We did notice a small dead seal on one of the floats, that got the attention of an eagle and later some seagulls.
Tree Trunk Art.  Noticed some tree trunk art in the Preserve today.
Jim Aho

Illahee 7/18/13 Orcas, Seals, Shiner Perch, Salmon, Preserve Kiosk, High Fire Danger, Campsite Fire Pit

Orcas.  It appears not many noticed a small pod of orcas coming through Illahee this morning (7/18/13) about 8:30 am.  Thanks to an observant neighbor we got a call that they were out in the middle of the channel.  They evidently were hunting as it took them some time to surface again, this time on the Bainbridge side.  We got a couple of photos just to document their presence, but they were at least a mile away by them.  We noticed the Kitsap Sun reported on their sittings as possible transient seal eating oracas.  The article will probably show up in Friday’s paper  http://www.kitsapsun.com/news/2013/jul/18/orcas-make-an-appearance-in-north-kitsap/

Seals.  We did notice a seal hugging the shoreline right after they went through, and then a little later saw this baby swimming by.
Shiner Perch.  At the dock they are catching what they refer to as pogies.  They are actually shiner perch and they don’t get very big, averaging between 4 and 6 inches.  
Salmon.  We noticed the following article in the Kitsap Sun on Tuesday that caught our attention.  While we like the fish story, we like it that Illahee is a recognized community in the area.
Preserve Kiosk.  Changes are coming to the Illahee Preserve kiosk, that was recently stained.  Soon there will be a more professional covering so maps and other information can be posted.  We also heard there will soon be a garbage can for pet waste as it has become a problem with many pet owners leaving their waste bags at the Preserve.
High Fire Danger.  At a recent meeting we asked who put up the fire danger signs, but no one knew.  Let us know if you know who posted the signs.
Campsite Fire Pit.  Every now and then we have people who want to camp in the Preserve in spite of the signs saying that it is prohibited.  Our biggest fear of campers, and smokers also, is of a fire.  As you can see from the photo they had a charcoal fire next to a log.
We have been told that local fire departments are not equipped to fight a forest fire.  This campsite was along a trail and the Sheriff’s Department was notified and quickly posted it, and the people left soon after, except for their tent, which eventually disappeared.  

Jim Aho

Illahee 12/4/12 A Third Illahee Website, Preserve Dumping, Correct Phone Number for Illahee Film, Culvert Report, Lost Cat, High Tides, Seals

A Third Illahee Website.  For years there was only one website covering Illahee issues, illaheecommunity.com.  Then several years ago the Port of Illahee established their own website, portofillehee.com.  And more recently a separate website has been established for the Illahee Preserve, illaheepreserve.org.  Thanks to Rob Spearman for his great work in establishing the Illahee Preserve’s website.  The website is set up to cover the various projects going on in the Preserve and should be a great source of information for any who might want to get involved.
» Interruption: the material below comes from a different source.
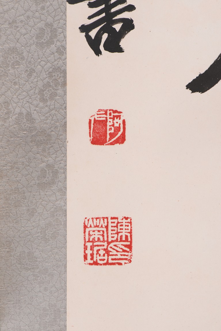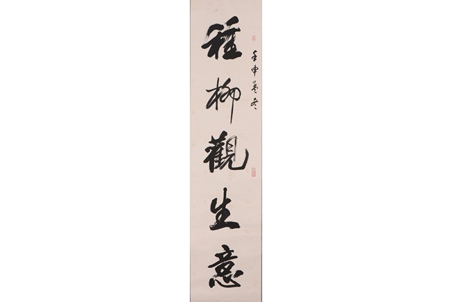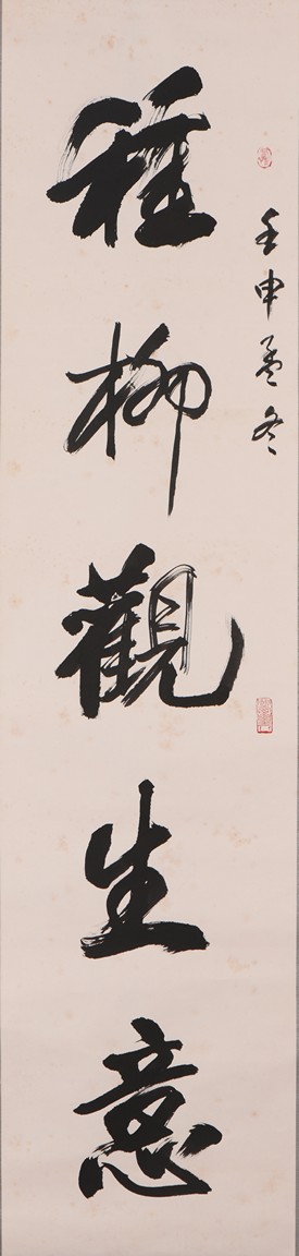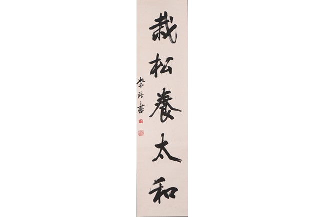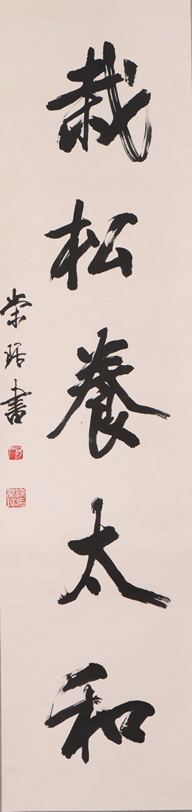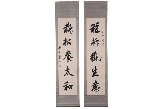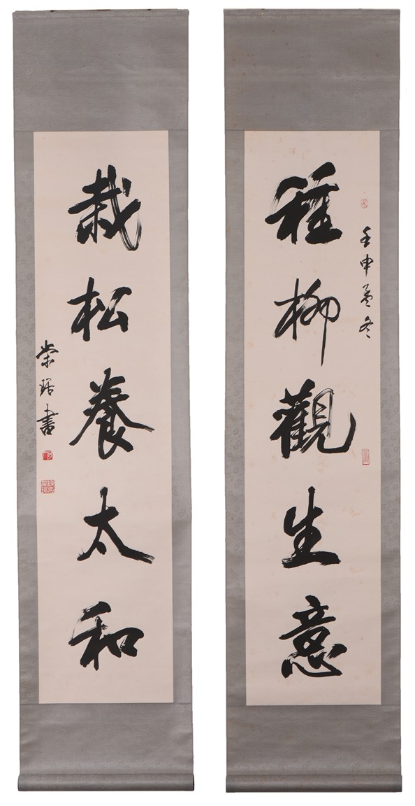 Ink on paper. Running script couplet. Hanging scroll. Signed Rongju and with four seals of the artist.

Preserve Dumping.  Another dumping of old furniture at the Illahee Preserve’s Almira parking lot occurred this past weekend.

Anyone recognize these items?  If so, we would like to find the person/s responsible.
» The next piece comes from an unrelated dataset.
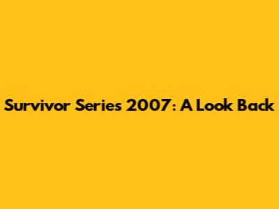 Survivor Series 2007: A Look Back

Correct Phone Number for Illahee Film.  We were advised the phone number for those wanting to have the Illahee film delivered was wrong in the last update.  We apologize as it was our error.  The correct phone number is (360) 479-1049.
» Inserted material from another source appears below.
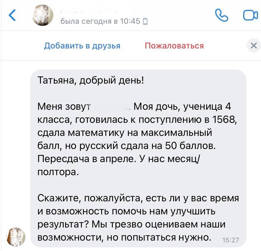 Зимняя волна экзаменов в школу № 1568 в очередной раз проявила закономерность, о которой я не устаю говорить родителям четвероклассников. Да, школа эта физико-математическая. Да, ребёнок получил высокий балл на олимпиаде по математике. Но поступить сюда без качественной подготовки по русскому языку весьма и весьма проблематично. Но я верю в детей. Верю в то, что упорство и трудолюбие, помноженные на решимость сделать вторую попытку, приведут к успеху. Если в знаниях ребёнка нет совсем уж зияющих провалов, то проверенная методика опытного репетитора должна помочь. Неделю назад я закончила набор на свой онлайн-интенсив по русскому языку «ПОСТУПАЕМ В ШКОЛУ № 1568» и приступила к занятиям с учениками. Что ж, как говорится, вызов брошен – вызов принят! Впереди ещё почти 3 недели активнейшей подготовки умных и работоспособных детей, а интенсив - это возможность в короткие сроки вооружить их прочными знаниями школьной программы и всех нюансов предстоящего экзамена. Пожелайте нам удачи!

Culvert Report.  We have been asked if the recent clean-out of the Illahee Creek culvert outlet has resulted in an increased opening at the inlet.  The answer is it is very hard to see much of a difference.  We took a couple of photos on different days, with the last being on Monday, which showed a nominal 12 inches of clearance.  We wanted to get this photo since the culvert outlet will be dredged again on Tuesday (12/5/12).
Lost Cat.  Lots of these postings around Illahee of another lost cat.
High Tides.  There have been higher tides than usual the last few days, especially with the low pressure, which raises them even higher than the predicted heights.  This morning was exciting as the high tides and wave action caused a number of logs to go moving with the waves down the shoreline.  We had an old piling from the Illahee Community dock that washed up on our shoreline a couple of years ago that came loose from its rope today and probably ended up at Brownsville.  We took pictures of some shoreline plants that took a beating from the tide and waves.  The first one shows the plants and the second one shows how high the tide was by the piece of driftwood that ended up on top of them.
Seals.  We like to have at least one wildlife photo and choose this one of the seals as they congregated on one end of a nearby float.
Jim Aho
Note:  Past updates available at illaheecommunity.com
We are always looking for Illahee photos or stories to share; please forward to web@illaheecommunity.com.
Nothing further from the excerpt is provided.